PIMT methylates asparagine residues 29 and 30 of p53
Because PIMT interacted with p53 and its methylase activity was necessary for regulating p53, we examined whether PIMT directly methylates p53. Using an in vitro methylation assay, we found that PIMT methylated p53, whereas the PIMT G88A mutant did not (Fig. 4a and Supplementary Fig. S9a). To determine the specific region of p53 methylation, we performed the in vitro methylation assay using truncated p53. The N terminus of p53 (amino acids 1–82) was methylated by PIMT, but not by the PIMT G88A mutant (Fig. 4b,c). Moreover, these methylations were removed upon alkaline treatment, confirming that the p53 methylations were specifically attributed to carboxyl methylation and not lysine or arginine methylation (Fig. 4d). We then generated several mutants in which selected asparagine or aspartate residues were replaced with alanine residues, and then performed in vitro methylation assays. The substitution of N29 or N30 with alanine (N29A or N30A) in the N terminal of p53 mostly abolished the PIMT-mediated methylation (Fig. 4e). To confirm that PIMT methylates p53 at isoaspartate residues 29 and 30, we synthesized peptides consisting of amino acids 22–40 of p53, in which asparagines 29 and 30 were replaced with isoaspartates (N29IsoD, N30IsoD and N29,30IsoD). Using in vitro methylation assay, we found that PIMT methylated N29IsoD, N30IsoD and N29,30IsoD, but not the wild-type p53 peptide (Fig. 4f and Supplementary Fig. S9b). We also observed a 14 Da mass shift for both N29IsoD and N30IsoD, but not for the p53 peptide containing asparagine residues 29 and 30 (Supplementary Fig. S9c). Furthermore, we identified 14 and 28 Da mass shifts for the p53 peptide, N29,30IsoD (Supplementary Fig. S9c). In consistent with this result, the substitution of N29 and N30 with alanine in the full-length p53 (N29,30A) resulted in the depletion of the PIMT-mediated methylation (Fig. 4g). Nano-flow liquid chromatography-coupled electro spray ionization tandem mass spectrometry (nano-LC-ESI-MS/MS) analysis also confirmed the methylations at IsoD29 and IsoD30 in the recombinant p53 (Supplementary Fig. S9d). These data indicate that asparagine 29 and 30 could be target sites for PIMT-mediated p53 methylation.
To test the stability of p53 methylation, we performed an in vitro methylation assay with purified GST-p53 and GST-PIMT, and incubated the methylated GST-p53 at 37 °C under different pH conditions. The methylation of p53 was stable at pH 6.4–8.4, a physiological pH range of cells (Fig. 4h). We also found that methylation of p53 peptide was maintained after incubation at 37 °C for 24 h (Fig. 4i).
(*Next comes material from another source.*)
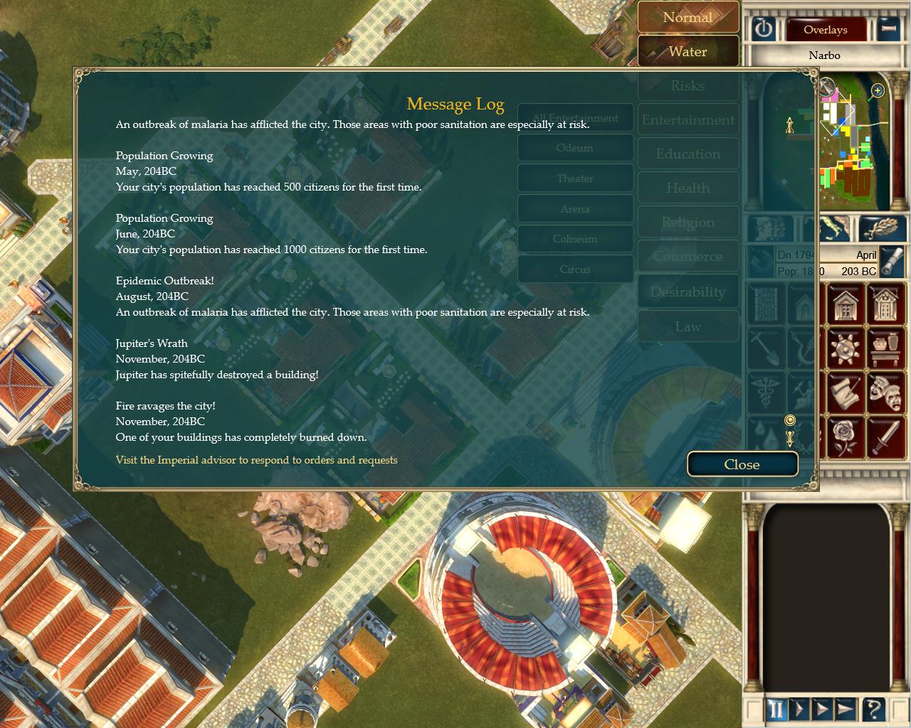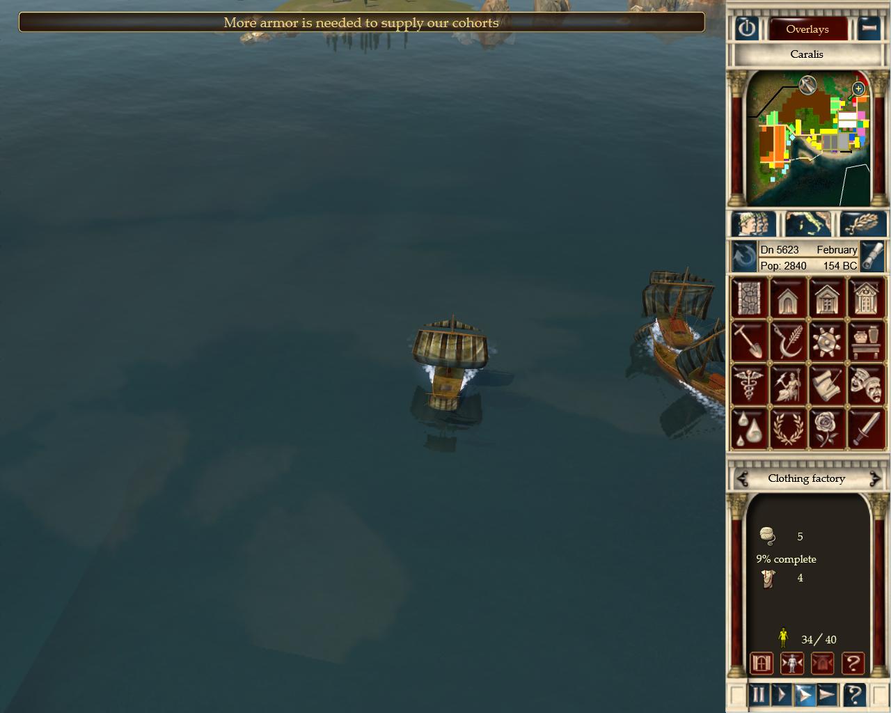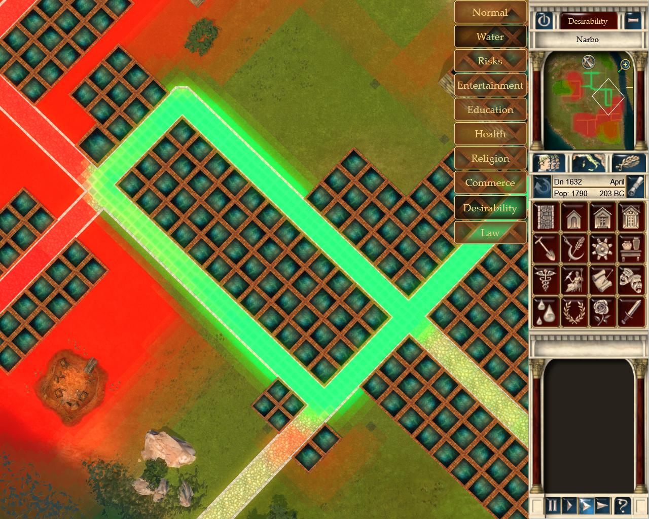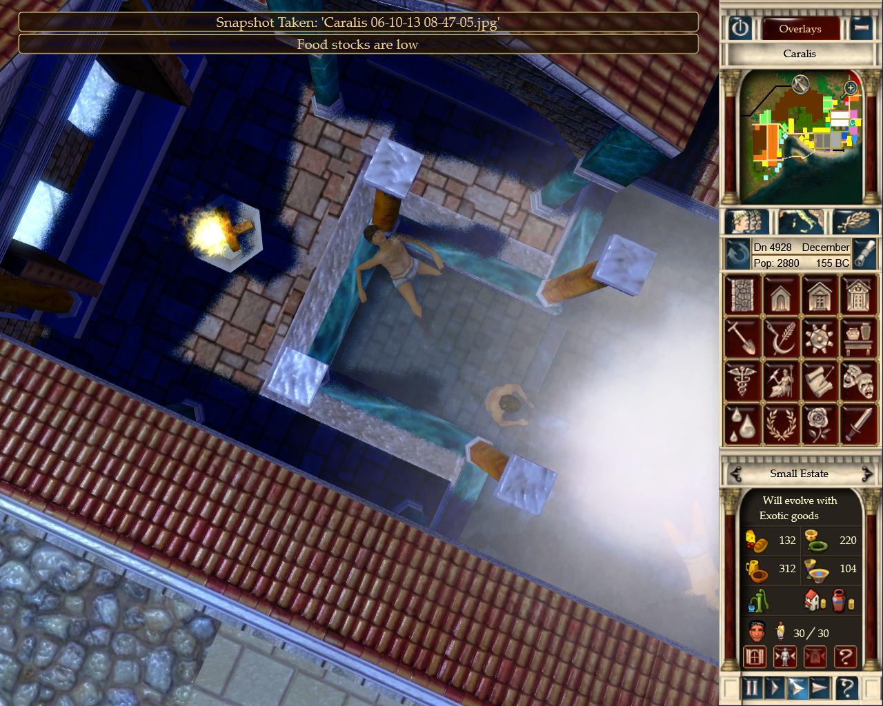 Ha már stabilizálódott a gazdaságunk, akkor rátérhetünk a fejlesztésre, színház, aréna, könyvtár, extra termékek gyártása, szobrok, parkok emelése, cifrázás. Ilyenkorra már a Cézár biztosan többször lesarcolt minket valamivel, ami általában a helyi adottságoknak megfelelő kérés, tehát ha egy bőtermő szcenáriót lakunk be épp, akkor valószínű, hogy búzát kér, ha egy kereskedelmi csomópont építése a cél, akkor pénzt, ha pedig invázió vagy védelem a feladat, akkor a sereget kell megtámogatni kicsit.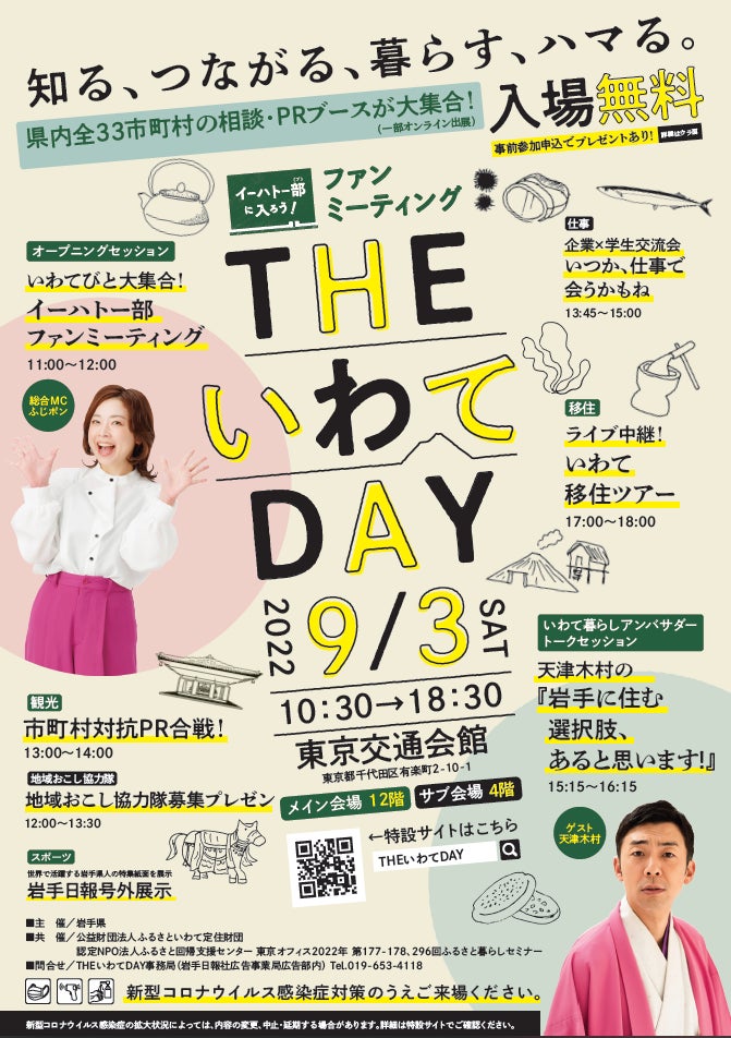 岩手県では、首都圏在住の移住希望者や岩手ファンに対し、暮らしや仕事の魅力を「オールいわて」で発信する移住フェア「THE いわて DAY」を9月3日(土)に東京都内で3年ぶりに開催します。

PIMT only methylates isoaspartate, which is generated by the deamidation of asparagine residue. For this reason, we next determined whether or how fast asparagine residues 29 and 30 in the p53 peptide (amino acids 22–40) are deamidated (Fig. 5a). PIMT methylated the p53 peptide during a 30-min incubation period and the level of methylated peptide increased with increasing incubation time (Fig. 5b). Nano-LC-ESI-MS/MS analysis also identified the deamidation of asparagine residues 29 and 30 in incubated p53 peptides, indicating that asparagine residues 29 and 30 of p53 can be rapidly deamidated in vitro (Fig. 5c and Supplementary Fig. S10a–c).
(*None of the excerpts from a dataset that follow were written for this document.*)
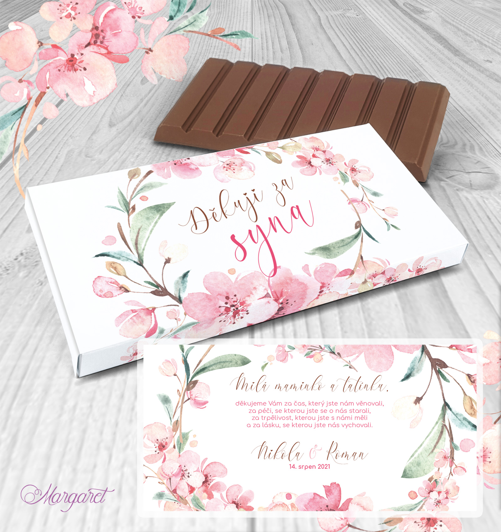 Nabízíme hezké poděkování pro rodiče formou čokolády. Je to pěkný dáreček, na kterém si můžou pochutnat. Na obalu jsou uvedeny vaše jména i datum svatby, takže se jedná o originální osobní pozornost.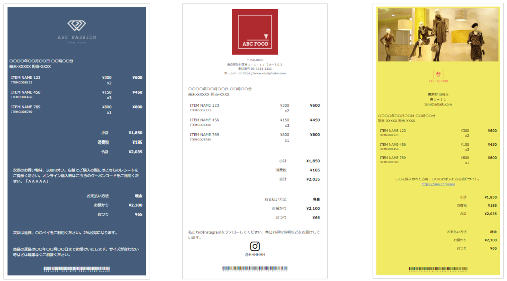 電子レシートのデザインは下記の方法でカスタマイズすることができます。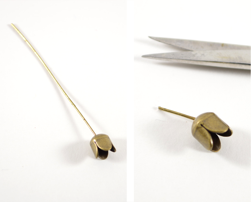 2) Insert a head pin through the bead cap, and trim down so that there’s just a small amount left.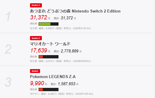 出典:ゲームソフト販売本数ランキング 集計期間:2026年01月12日~2026年01月18日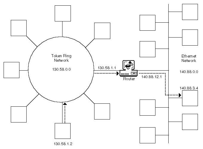 When a datagram is sent to a node on another network, the network portions of the source and the destination IP addresses are different. When the packet is received by a router that connects the source to the destination network, the router forwards the packet on the correct interface to reach the destination, as shown in Figure 14. Two networks are connected if at least one router is attached to both networks.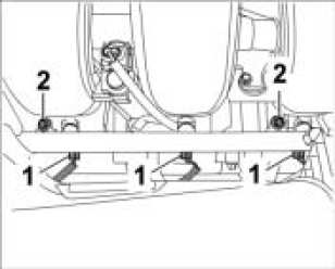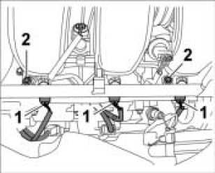 5. Unscrew two Torx screws (M6 x 10) -2- on the fuel gallery.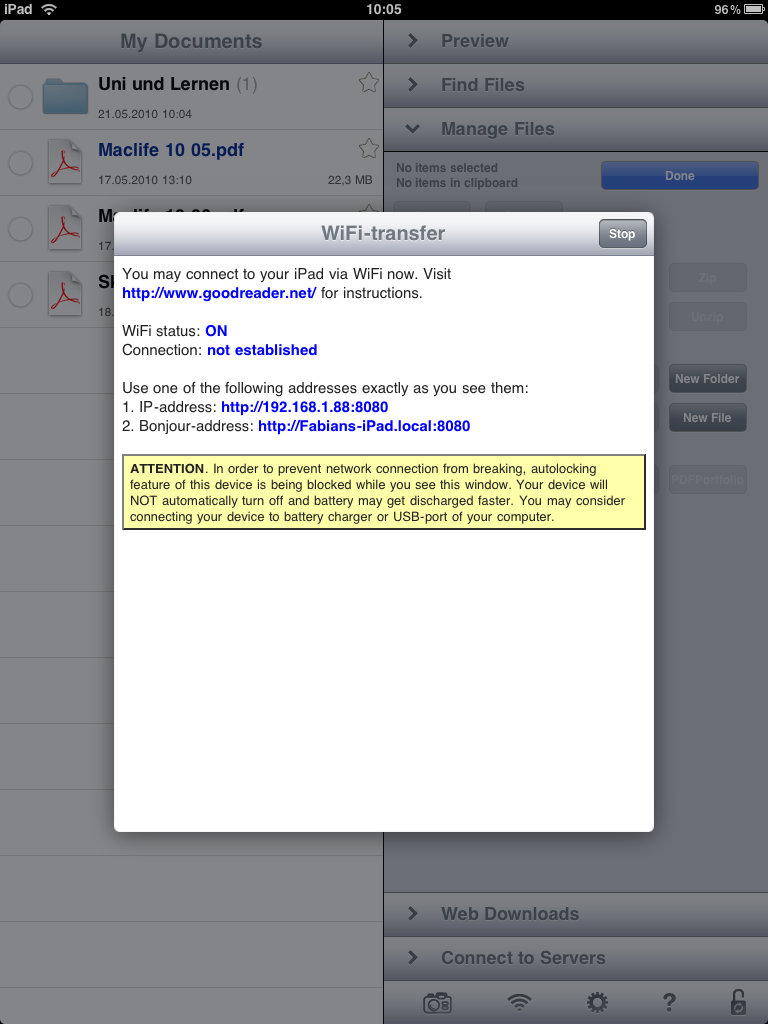Hochauflösende Bilder, Webseite, Word- und Pages-Dokumente, sogar Audio und Videodateien können mit dem Goodreader geöffnet werden. Dabei führen viele Wege in das Programm – nicht nur per iTunes, sondern auch über die iPad-interne Datei-Weitergabe oder direkt aus dem Internet und über Webserver. Einfacher kann es eigentlich nicht gehen, selbst über WLAN ist der Goodreader erreichbar.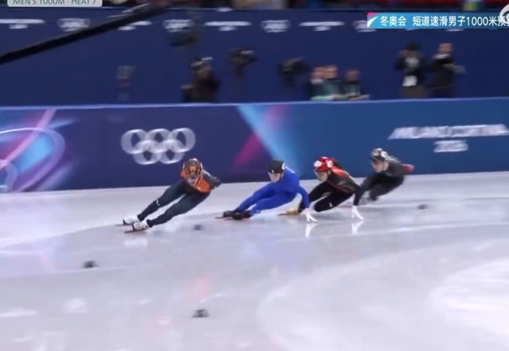 对手被判犯规,林孝埈小组第三晋级短道速滑男子1000米1/4决赛

Next, we determined whether PIMT methylates p53 under physiological conditions through nano-LC-ESI-MS/MS analysis of endogenous p53 purified from U2OS cells or ectopic-expressed p53 purified from H1299 cells under conditions in which the PIMT-catalyzed methylation of the isoaspartyl residues was stable enough for detection (Fig. 4h,i). We found that two asparagine residues, N29 and N30, were deamidated and methylated (Supplementary Fig. S11a–c); however, methyl+deamidated p53 was not detected in the PIMT knockdown U2OS cells (Supplementary Fig. S11d). These results confirm the PIMT-mediated methylation of endogenous p53.
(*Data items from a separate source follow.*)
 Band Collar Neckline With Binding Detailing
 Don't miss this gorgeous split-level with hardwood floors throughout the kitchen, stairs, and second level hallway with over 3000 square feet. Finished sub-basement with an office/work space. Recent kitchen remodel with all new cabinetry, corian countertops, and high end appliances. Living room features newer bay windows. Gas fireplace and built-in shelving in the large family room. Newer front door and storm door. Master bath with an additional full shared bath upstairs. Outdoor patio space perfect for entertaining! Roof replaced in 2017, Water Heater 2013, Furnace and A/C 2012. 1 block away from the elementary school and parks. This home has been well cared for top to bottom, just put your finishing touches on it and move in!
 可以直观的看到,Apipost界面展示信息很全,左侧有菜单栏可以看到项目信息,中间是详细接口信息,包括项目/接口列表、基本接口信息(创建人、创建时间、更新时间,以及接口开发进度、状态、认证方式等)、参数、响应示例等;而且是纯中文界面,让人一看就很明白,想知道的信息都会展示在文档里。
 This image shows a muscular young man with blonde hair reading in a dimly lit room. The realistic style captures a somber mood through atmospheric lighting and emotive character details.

In addition, there are two theoretical deamidation-susceptible sites in p53, asparagine residues 239 and 268. Although we found that only one site, asparagine 268, in the endogenous p53 immunoprecipitated from the U2OS cell extracts was deamidated, we could not detect the methylation of the deamidated asparagine 268 (Supplementary Fig. S12). Thus, the methylation of deamidated asparagine residues 29 and 30, but not 268, might play an important role in the regulation of p53 activity. Our sequence alignment analysis confirms that asparagine residues 29 and 30 are conserved in the nine upper vertebrate p53 proteins listed in GenBank (Supplementary Fig. S13a). Interestingly, the p53 proteins in Rattus norvegicus and Mus musculus do not contain conserved asparagine 29 and 30 residues. Moreover, the PIMT knockdown in three different mouse cell lines does not affect the level of p53 protein (Supplementary Fig. S13b).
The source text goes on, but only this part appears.